Se fossimo catapultati indietro nel tempo agli anni Ottanta e andassimo a fare la spesa i prodotti che troveremmo sugli scaffali del supermercato sarebbero molto differenti da quelli disponibili oggi. Non solo per il packaging rétro, ma anche perché frutta e verdura hanno subìto un miglioramento genetico elevato, che ha reso i prodotti più conservabili, buoni e resistenti alle malattie. Anche se il consumatore oggi non se ne rende conto.

Di miglioramento genetico nel carrello si è parlato al Mantova Food&Science Festival, in occasione della Giornata mondiale del fascino delle piante, durante l'evento dal titolo "La genetica al supermercato: prodotti di successo frutto del miglioramento genetico degli ultimi decenni", promosso da Assosementi e condotto da Luigi Cattivelli, direttore del Crea - Centro di ricerca genomica e bioinformatica.

Forse solo il sale, l'acqua e i funghi di montagna sono rimasti identici e mai modificati dall'uomo. Sul palco è stato fatto l'esempio dei pomodori. Oggi sono in prevalenza rossi e si mantengono in frigorifero per diversi giorni prima di dare segni di cedimento. Quaranta anni fa quelli in commercio erano invece in prevalenza verdi, perché l'invaiatura durava pochi giorni e successivamente il pomodoro andava in sovramaturazione.

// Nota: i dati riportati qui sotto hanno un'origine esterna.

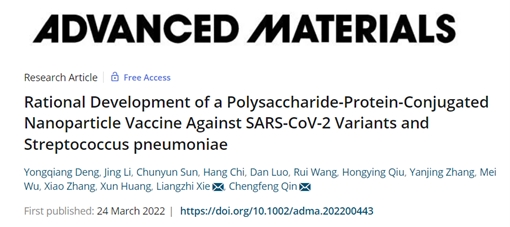 [4]Deng Y, Li J,Sun C, et al. Rational Development of a Polysaccharide‐Protein‐Conjugated NanoparticleVaccine Against SARS‐CoV‐2 Variants and Streptococcus pneumoniae. Advanced Materials,2200443.
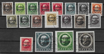 "Freistaat" überkomplett gest., dabei von der 5 Pfg. ein im Michel nicht gelistetes HAN-Paar, Ludwig gest., gepr. Mi. 781,- +
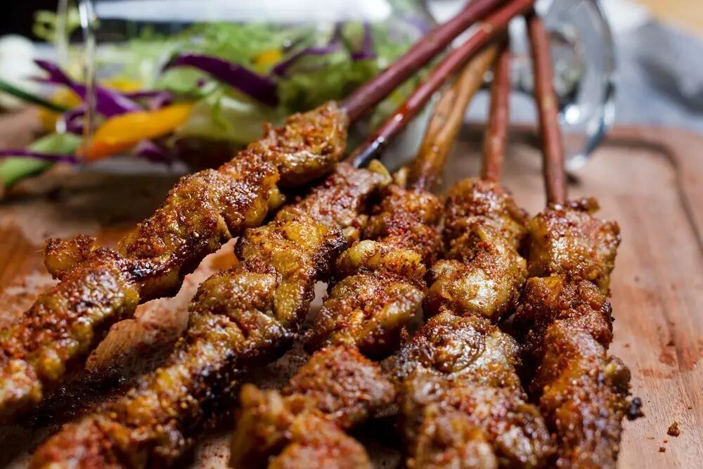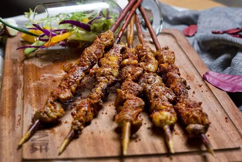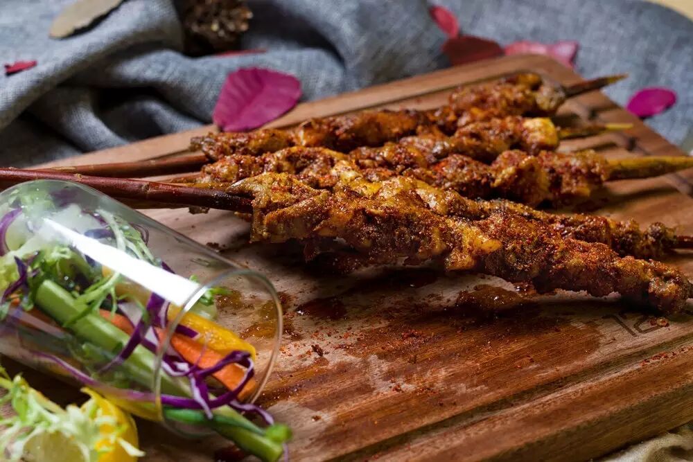 羊肉串的羊肉选用的是130斤以下的高原羔羊,然后采用西亚高原地区特有的红柳枝串连起来再进行烤制,使到羊肉串弥漫着红柳枝的淡淡清香,吃起来让人齿间留香。而这些红柳枝更是需要每个星期从西亚高原地区订购再空运来的。老板告诉我们,只有跟羊脂一起吃,才会令红柳枝的香味发挥到最大。
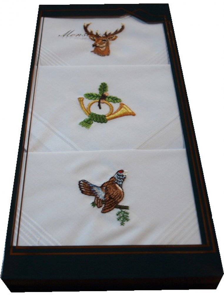 Kvalitní bavlněné kapesníky balené po třech kusech v krabičce. Kapesníky jsou vyrobeny z česané bavlny, rozměr kapesníků je klasický cca 40x40cm.
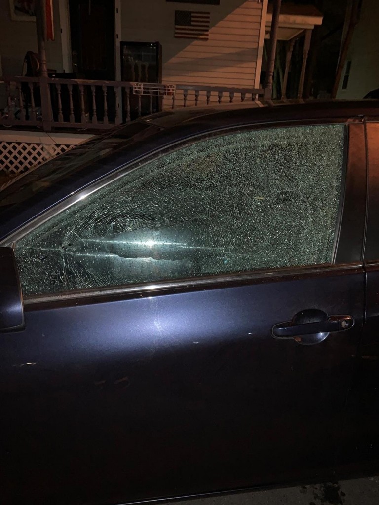 “We had to put tape on the window!” Jasmine Berrios said about her van.
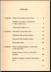 Z teorie čísel probírá autor čísla, která se rovnají součtu všech svých pravých dělitelů, tj. dokonalá čísla prvého druhu a čísla, která se rovnají součinu všech svých dělitelů, tj. dokonalá čísla druhého druhu. Zabývá searitmetickými vztahy dvojic číselných jako jsou dvojice Pytagorovy, Descartovy, Fermatovy, Eulerovy a celá řada jiných dvojic vázaných zákony dělitelnosti. Výklady se opírají o teorii číselných množin, věnují pozornost pojmuhustoty množiny v teorii čísel se zřetelem na čísla dokonalá a řídkosti množiny všech dokonalých čísel.

L'allungamento della shelf life è stato un filone che ha coinvolto molte piante e che ha avuto il grande pregio di ridurre gli sprechi alimentari. Basti pensare che oggi un terzo del cibo prodotto non viene neppure messo in tavola, ma finisce nel bidone della spazzatura.

Negli anni Ottanta le varietà di pomodoro piccolo-tondo non erano state ancora selezionate e nelle serre di Pachino non c'era traccia del famoso pomodorino. Anche la conserva di datterini è un prodotto innovativo visto che è stato possibile realizzarla solo dopo aver selezionato varietà a crescita determinata, che potessero essere coltivate in pieno campo e raccolte in maniera meccanica.

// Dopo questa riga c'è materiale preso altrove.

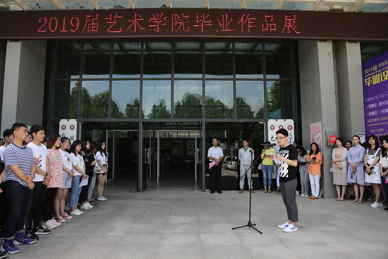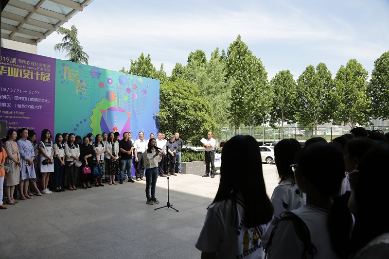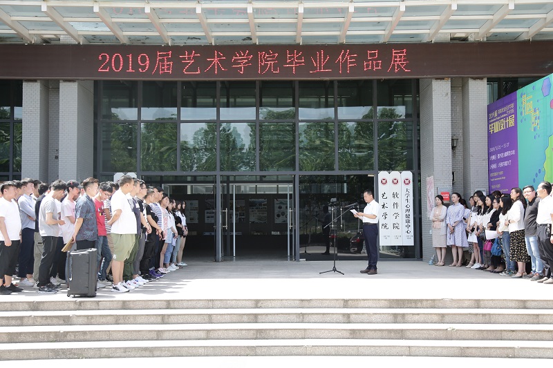 5月21日上午,pg娱乐电子游戏官网入口2019届毕业设计作品展开幕式在龙子湖校区1号教学楼门前广场顺利举行。pg娱乐电子游戏官网入口班子成员、教师代表以及2019届毕业生500余人参加,pg娱乐电子游戏官网入口党总支书记王在钦主持开幕式并宣布展览开幕。
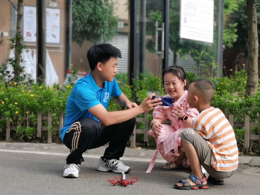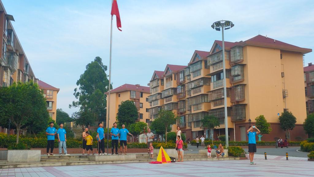 7月26日,实践队开展的长达八天的暑期社会实践活动迎来了收尾工作。上午,实践队员在泥湾村福临小区广场进行了飞行器大表演,完成了校歌《飞翔》的录制,并与孩子们合照留念。
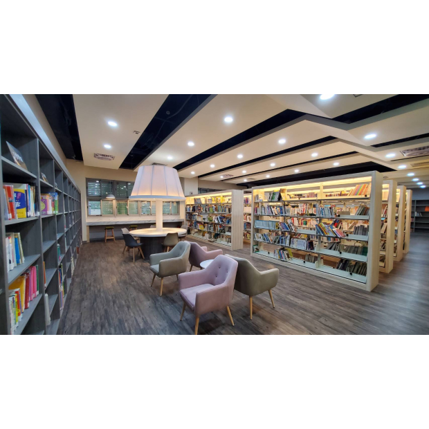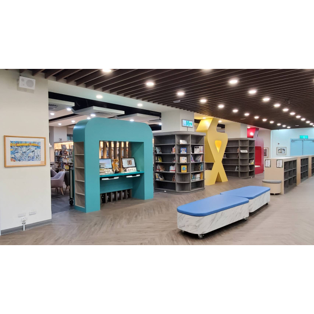 主廊道以 ㄅㄆㄇ 造型書櫃作為設計亮點, 結合放大版檯燈造型閱讀桌,兼具功能與藝術性, 為館內注入活潑創意與親子共賞的趣味性。
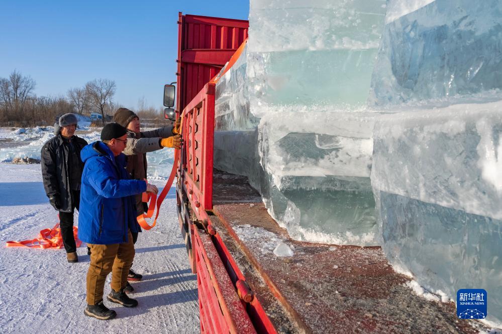 眼下,第二十五屆哈爾濱冰雪大世界採冰工作已全面展開。在封凍的松花江哈爾濱段江面,採冰工人肩扛手拉,從封凍的松花江裏採出一塊塊晶瑩剔透的冰塊,運冰車、叉車、鏟車在江畔往來穿梭,呈現一派熱火朝天的繁忙景象。

Non solo pomodoro. Pensiamo al riso Venere, oggi coltivato in Italia, oppure alle orticole invernali, come i cavolfiori, che oggi hanno colorazioni inedite per gli anni Ottanta, frutto della maggiore concentrazione di antociani. E poi le pesche, oggi disponibili da maggio a settembre, oppure le mele resistenti alla ticchiolatura. Cattivelli ha mostrato sul palco la mela Modì, prodotta senza bisogno di difenderla dal fungo Venturia inaequalis e Spilocaea pomi, e che è stata commercializzata facendo leva sul suo carattere di ecosostenibilità.

Guardando al made In Italy l'idea di una filiera della pasta completamente italiana è stata resa possibile dalla messa a punto di varietà di grano duro altamente proteiche coltivabili nei nostri areali. Le varietà più innovative sono infatti in grado di presentare un alto contenuto proteico anche con normali concimazioni azotate, il che le rende particolarmente sostenibili dal punto di vista ambientale.

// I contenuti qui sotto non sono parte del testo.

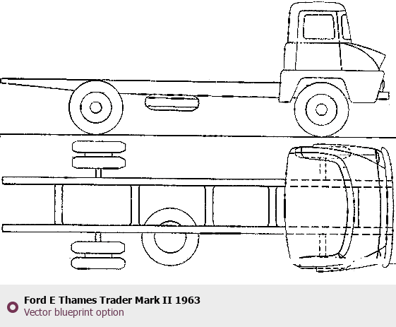 Raster blueprint of the 1963 Ford E Thames Trader Mark II Heavy Truck. This free downloadable image can be used for graphic projects, digital design, and 3D modeling. The file provides accurate exterior proportions of the vehicle. Model year: 1963. Body type: Heavy Truck.
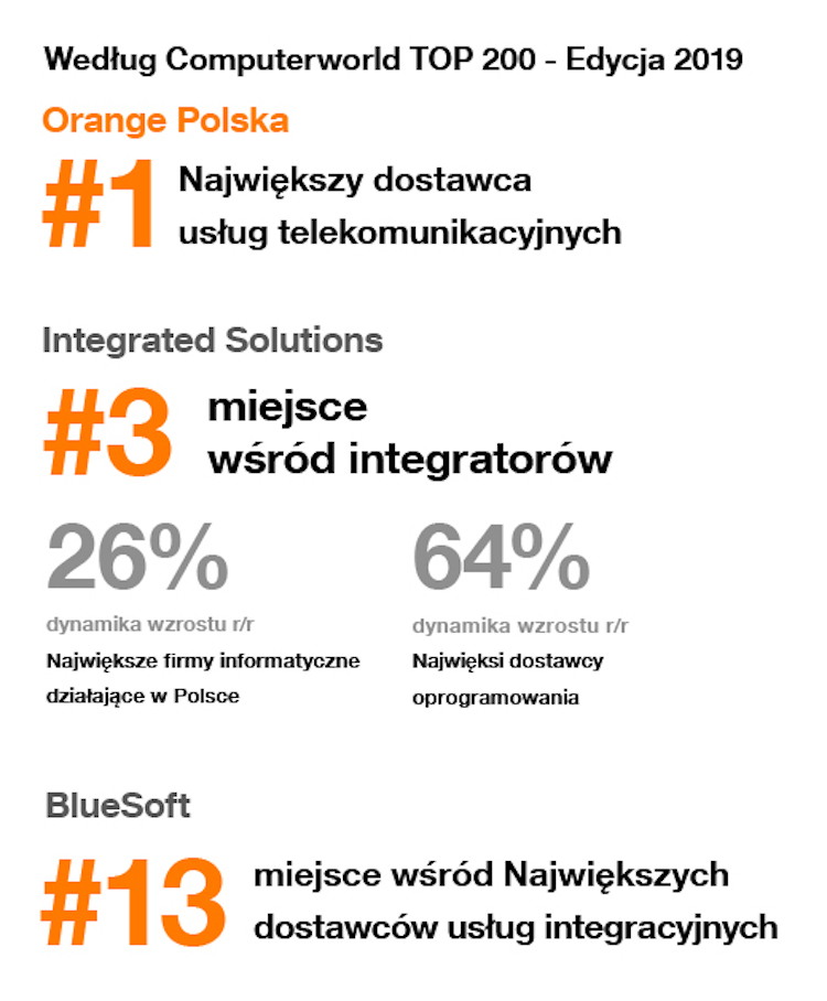 Ranking potwierdza także wysoką pozycję firmy BlueSoft, która dokładnie rok temu dołączyła do grupy Orange i zajmuje obecnie dziesiąte miejsce wśród dostawców usług integracyjnych w Polsce. Spółka ta wykazuje także imponującą dynamikę wzrostu w poszczególnych sektorach rynku.

Anche il cotone con cui sono fatti i tessuti dei nostri abiti è stato migliorato. Così come la genetica delle vacche, che ha reso possibile allevare animali in grado di produrre quasi il doppio del latte rispetto agli anni Ottanta, abbassandone notevolmente il costo.

Insomma, anche se ad un occhio inesperto può sembrare che i prodotti alimentari non subiscano nessuna innovazione, in verità la ricerca continua a fare progressi. Ma ci sono anche esempi (pochi) di colture che non hanno fatto passi avanti. E' il caso del pero, che ha visto un calo delle varietà oggi coltivate. Questo fenomeno è dovuto al fatto che sono state privilegiate cultivar capaci di conservarsi al freddo e in atmosfera controllata, in modo da essere disponibili sul mercato tutto l'anno, mentre le piante che producono frutti senza queste caratteristiche sono state abbandonate.